| Provided records |
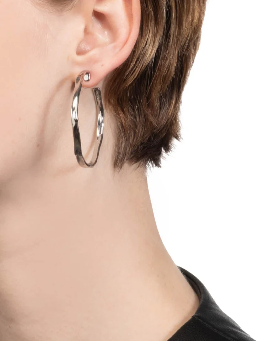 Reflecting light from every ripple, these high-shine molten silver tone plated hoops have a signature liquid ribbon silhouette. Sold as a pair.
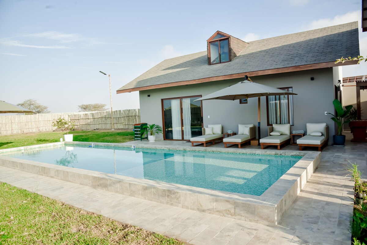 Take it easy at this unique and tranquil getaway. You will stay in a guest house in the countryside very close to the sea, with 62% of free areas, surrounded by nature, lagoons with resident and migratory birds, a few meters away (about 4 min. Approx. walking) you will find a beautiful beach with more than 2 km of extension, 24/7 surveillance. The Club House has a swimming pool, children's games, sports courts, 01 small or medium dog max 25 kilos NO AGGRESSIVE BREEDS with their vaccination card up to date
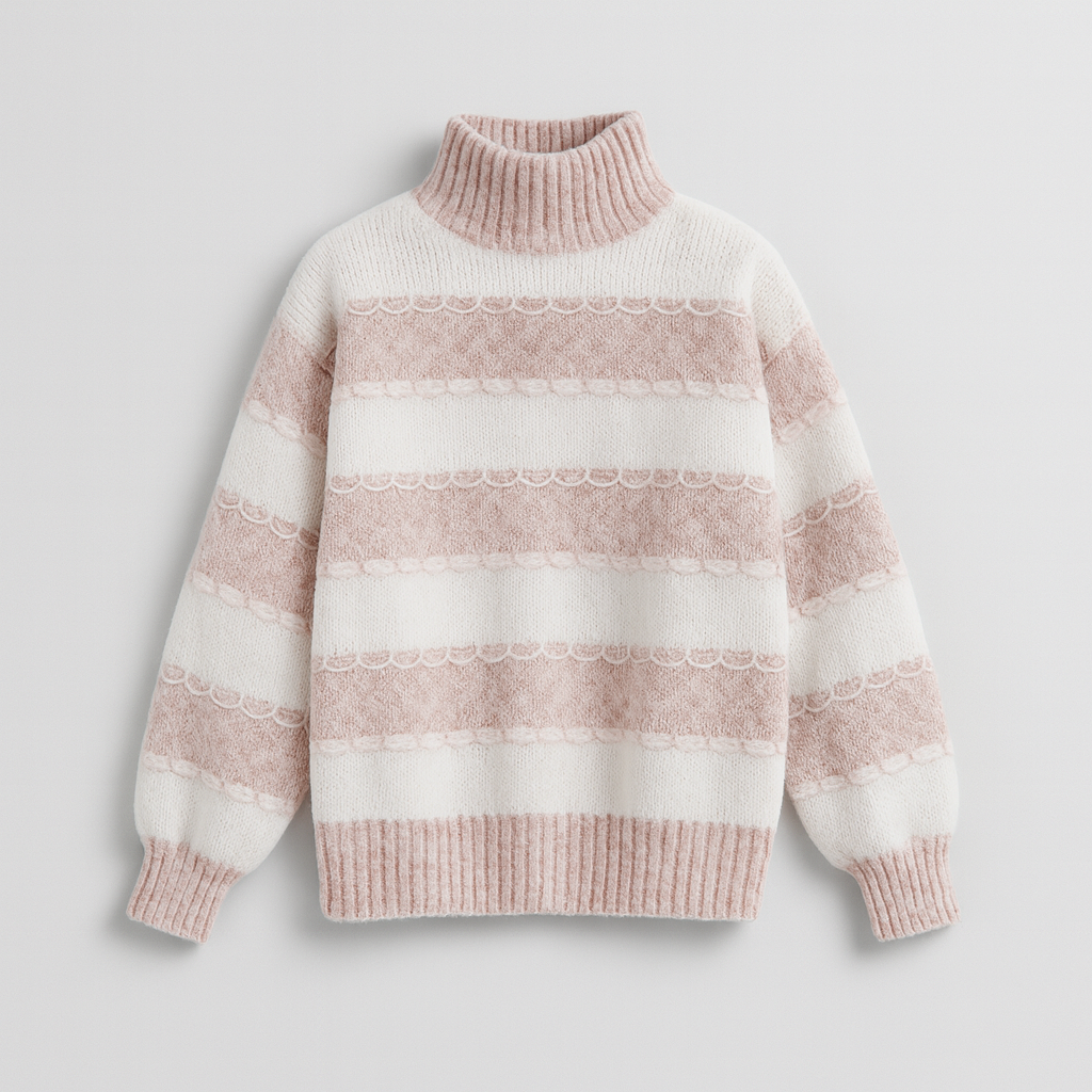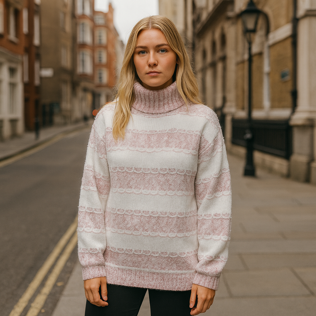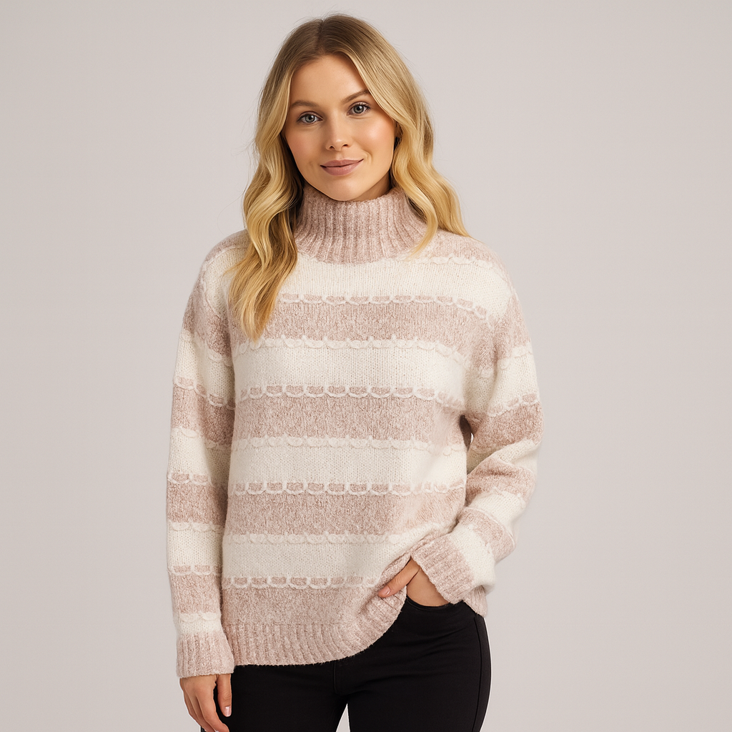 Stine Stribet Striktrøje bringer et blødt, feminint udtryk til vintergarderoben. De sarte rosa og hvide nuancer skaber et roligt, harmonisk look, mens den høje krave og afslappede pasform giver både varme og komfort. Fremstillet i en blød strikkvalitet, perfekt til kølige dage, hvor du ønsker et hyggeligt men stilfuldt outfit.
==
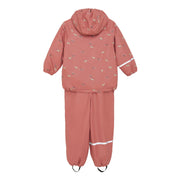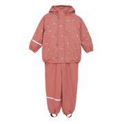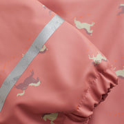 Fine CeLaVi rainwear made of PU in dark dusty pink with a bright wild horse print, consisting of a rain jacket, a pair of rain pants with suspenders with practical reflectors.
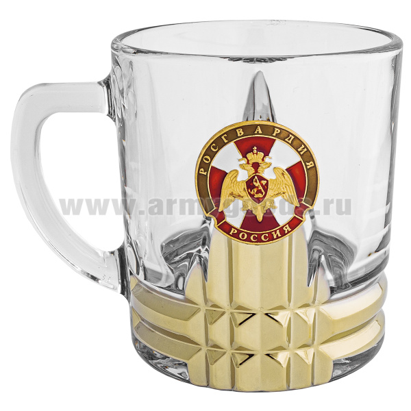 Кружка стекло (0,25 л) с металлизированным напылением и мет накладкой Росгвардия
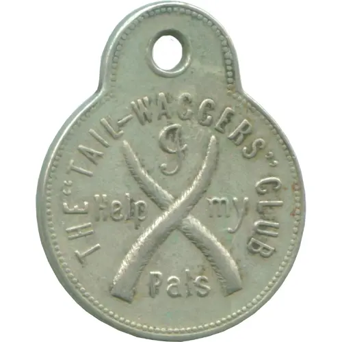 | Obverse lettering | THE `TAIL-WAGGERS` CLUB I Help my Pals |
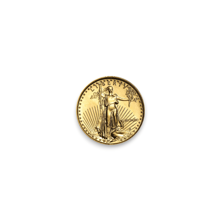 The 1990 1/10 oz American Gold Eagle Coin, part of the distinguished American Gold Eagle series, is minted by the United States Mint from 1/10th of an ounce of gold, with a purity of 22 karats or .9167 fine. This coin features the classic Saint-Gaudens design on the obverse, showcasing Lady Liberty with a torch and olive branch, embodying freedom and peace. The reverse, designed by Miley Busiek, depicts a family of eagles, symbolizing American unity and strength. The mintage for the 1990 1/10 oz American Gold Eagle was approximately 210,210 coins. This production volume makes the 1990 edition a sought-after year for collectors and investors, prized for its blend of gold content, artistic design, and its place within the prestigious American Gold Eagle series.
* * *
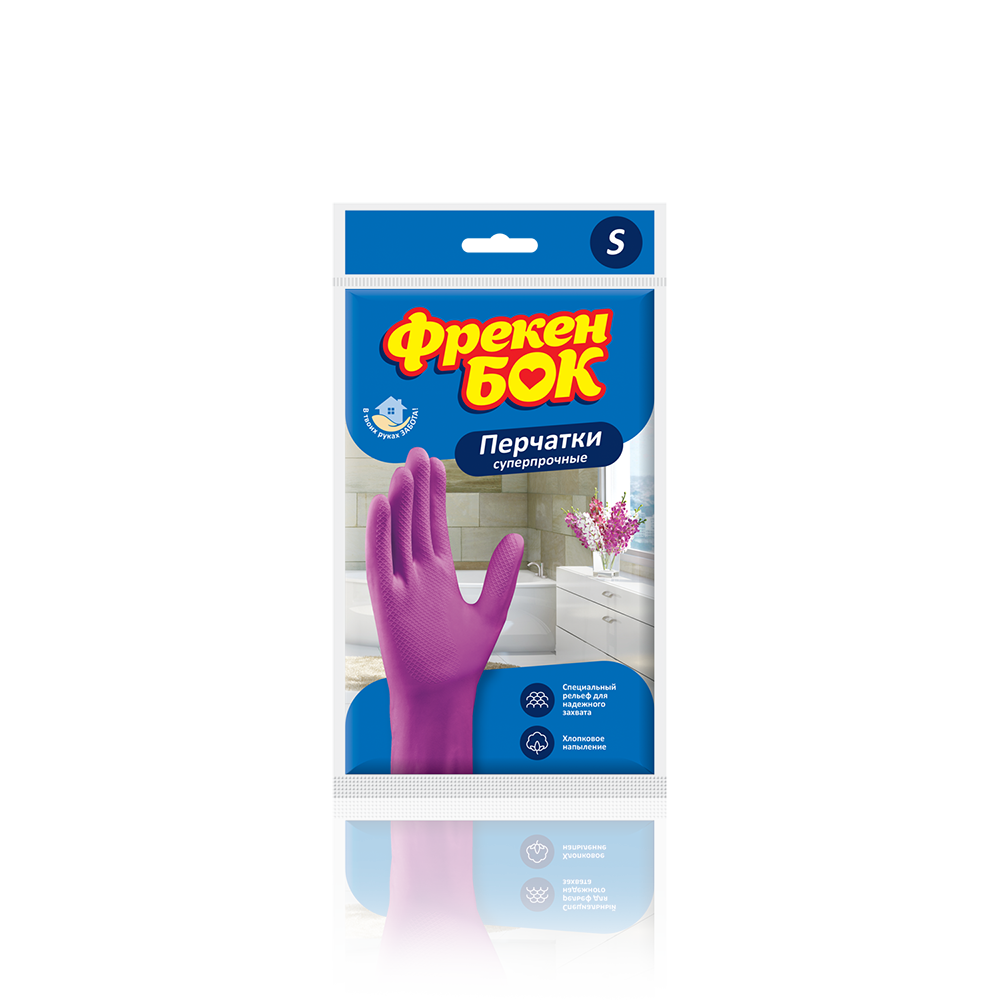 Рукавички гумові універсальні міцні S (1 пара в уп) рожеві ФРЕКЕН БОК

| Work instruction |
Leave the pictures out, and transcribe exactly the lines above starting at the one that contains "Кружка стекло (0,25" and ending at the one that contains "Help my Pals |".

| Output below |
 Кружка стекло (0,25 л) с металлизированным напылением и мет накладкой Росгвардия
 | Obverse lettering | THE `TAIL-WAGGERS` CLUB I Help my Pals |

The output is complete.